Work required: Below are the records; copy exactly the stretch from the line containing "Bague artisanale en" through the line containing "Selling a cute", both ends included, and nothing else.

[Items from a dataset]

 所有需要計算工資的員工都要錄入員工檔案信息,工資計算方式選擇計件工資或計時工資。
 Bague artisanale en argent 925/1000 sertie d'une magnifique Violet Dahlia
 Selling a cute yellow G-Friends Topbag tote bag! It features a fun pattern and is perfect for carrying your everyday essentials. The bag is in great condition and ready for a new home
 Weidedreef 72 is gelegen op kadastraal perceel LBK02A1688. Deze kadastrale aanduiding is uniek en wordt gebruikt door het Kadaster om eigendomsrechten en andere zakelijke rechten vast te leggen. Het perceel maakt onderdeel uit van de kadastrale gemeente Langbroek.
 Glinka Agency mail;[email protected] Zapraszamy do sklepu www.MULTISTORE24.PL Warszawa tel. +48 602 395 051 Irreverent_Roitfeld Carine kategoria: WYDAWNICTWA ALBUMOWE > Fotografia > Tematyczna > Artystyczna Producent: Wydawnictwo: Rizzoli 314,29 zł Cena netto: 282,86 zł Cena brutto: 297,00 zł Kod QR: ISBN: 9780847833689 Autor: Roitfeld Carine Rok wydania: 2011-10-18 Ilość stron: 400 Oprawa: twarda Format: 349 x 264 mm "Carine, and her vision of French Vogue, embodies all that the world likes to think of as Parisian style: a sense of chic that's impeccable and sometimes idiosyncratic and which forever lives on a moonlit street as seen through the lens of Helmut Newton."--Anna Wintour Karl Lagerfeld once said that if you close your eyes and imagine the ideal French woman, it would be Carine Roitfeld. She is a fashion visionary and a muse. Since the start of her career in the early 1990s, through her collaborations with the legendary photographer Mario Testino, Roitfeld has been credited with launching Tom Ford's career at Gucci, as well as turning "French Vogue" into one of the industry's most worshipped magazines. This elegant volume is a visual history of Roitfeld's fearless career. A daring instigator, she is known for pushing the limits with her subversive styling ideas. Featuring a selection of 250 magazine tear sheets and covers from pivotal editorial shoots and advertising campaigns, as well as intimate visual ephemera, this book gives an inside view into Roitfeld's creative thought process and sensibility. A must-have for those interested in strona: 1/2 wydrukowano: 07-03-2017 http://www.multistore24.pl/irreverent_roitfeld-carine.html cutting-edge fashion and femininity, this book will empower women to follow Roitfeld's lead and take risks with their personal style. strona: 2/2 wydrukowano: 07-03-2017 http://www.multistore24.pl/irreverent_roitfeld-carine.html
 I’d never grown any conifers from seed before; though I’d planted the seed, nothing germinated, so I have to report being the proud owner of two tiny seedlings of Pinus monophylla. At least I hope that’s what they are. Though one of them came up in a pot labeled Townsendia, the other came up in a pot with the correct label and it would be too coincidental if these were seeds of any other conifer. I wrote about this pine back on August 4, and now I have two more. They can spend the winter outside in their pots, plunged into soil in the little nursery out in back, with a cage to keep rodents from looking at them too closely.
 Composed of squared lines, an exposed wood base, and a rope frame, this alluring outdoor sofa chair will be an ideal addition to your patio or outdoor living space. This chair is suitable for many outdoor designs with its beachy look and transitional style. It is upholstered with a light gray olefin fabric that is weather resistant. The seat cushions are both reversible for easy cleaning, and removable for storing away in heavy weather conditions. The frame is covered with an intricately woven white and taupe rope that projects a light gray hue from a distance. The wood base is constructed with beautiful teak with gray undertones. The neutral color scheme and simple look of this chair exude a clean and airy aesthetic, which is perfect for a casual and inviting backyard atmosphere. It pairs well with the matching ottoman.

Response area:
 Bague artisanale en argent 925/1000 sertie d'une magnifique Violet Dahlia
 Selling a cute yellow G-Friends Topbag tote bag! It features a fun pattern and is perfect for carrying your everyday essentials. The bag is in great condition and ready for a new home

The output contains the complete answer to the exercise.